There is evidence of Neolithic activity in the area, with a number of flint and bronze axe-heads discovered, but the Roman fortification of Burgh Castle is the earliest settlement known within the parish. The fort, which is a possible site for Gariannonum, dates to the third century and was part of the Saxon Shore fortifications designed to protect Roman Britain from invaders. It stands at the top of a slope overlooking the modern River Waveney to the west, but when it was built the fort would have been on the coast, guarding the mouth of a wide estuary.

The surviving north, south, and east walls stand to a height of up to 4.6 m with a width of 3 m at the base. The internal dimensions of the fort measure 205 m by 100 m and six remaining bastions are visible. A probable Roman vicus and field systems are outside the walls. Material from the walls of the fort has been used in the parish church.

There is evidence of Anglo-Saxon and Norman use of the fort. Excavations by Charles Green in the mid-20th century discovered a timber church in the south-west of the fort, with a Christian cemetery attached, and the site is considered a possible location of a Saxon monastery founded by St Fursey in the early 630s. This is recorded with the name Cnobheresburg by Bede, although there is no firm evidence that the site was at Burgh Castle. A motte-and-bailey castle was built at the fort after the Norman Conquest; the remains had been destroyed by the mid-19th century.

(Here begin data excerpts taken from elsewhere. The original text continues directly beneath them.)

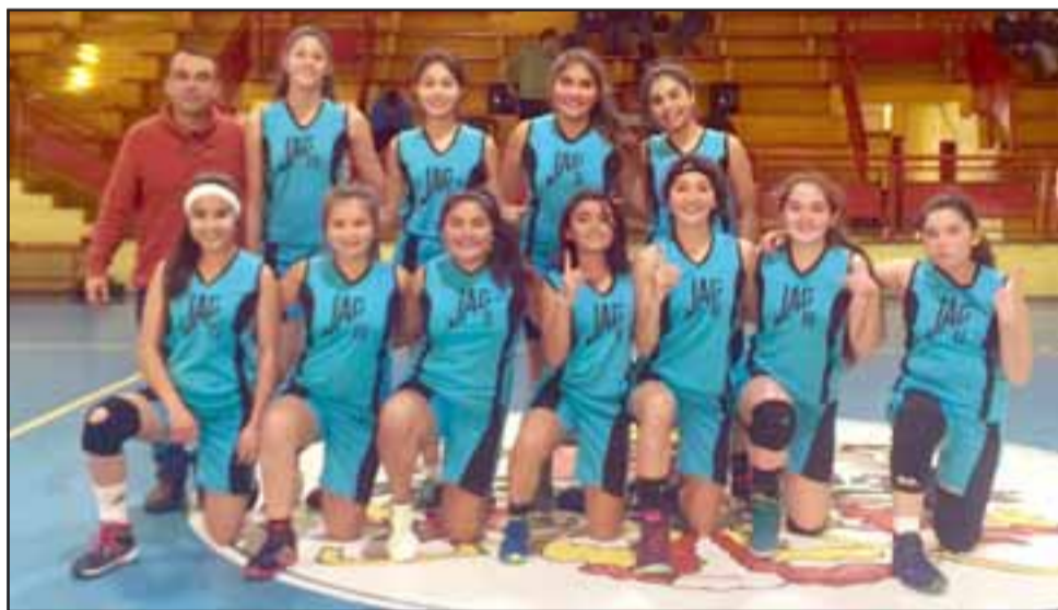
Los seleccionados U14 y U17 del colegio José Agustín Gómez se titularon campeones en la fase local de los Juegos Deportivos Escolares.

El próximo desafío de las campeonas, será la etapa provincial que deberían superar y posteriormente la regional donde buscarán los pasajes a los respectivos escolares nacionales.
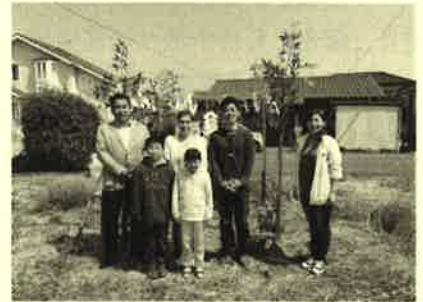
邑楽郡千代田町 F様
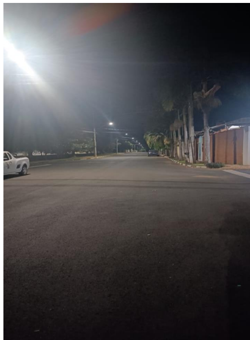
Rua Saulo Garcia Novo

Foram tiradas algumas fotos das vias reclamadas para que se possa verificar a iluminância dos locais. Verificamos, que tais vias possuem iluminância média adequada conforme norma.

The site is a scheduled monument, with the walls designated as a Grade I listed building. The site has been owned by the Norfolk Archaeological Trust since 1996, with the walls in the care of English heritage. It is open free of charge to visitors.

==Later history==
Saxon era field systems have been discovered at Burgh Castle and parts of the parish church date to the late-Saxon or early-Norman period. Prior to the Norman Conquest, the manor was held by Stigand, the Archbishop of Canterbury. In the Domesday Book of 1086 it is recorded as a settlement of 15 households in the hundred of Lothingland with a church, five plough teams, and three salthouses. It formed part of the estates of Ralph the Bowman who may have been responsible for the construction of the motte-and-bailey castle within the Roman fort. Salt was harvested from a number of salt pans, and this is likely to have remained an important industry within the village into the medieval period along with the harvesting of reeds and osiers. Mills were later used to drain marshland, allowing the use of the land next to the rivers for agriculture.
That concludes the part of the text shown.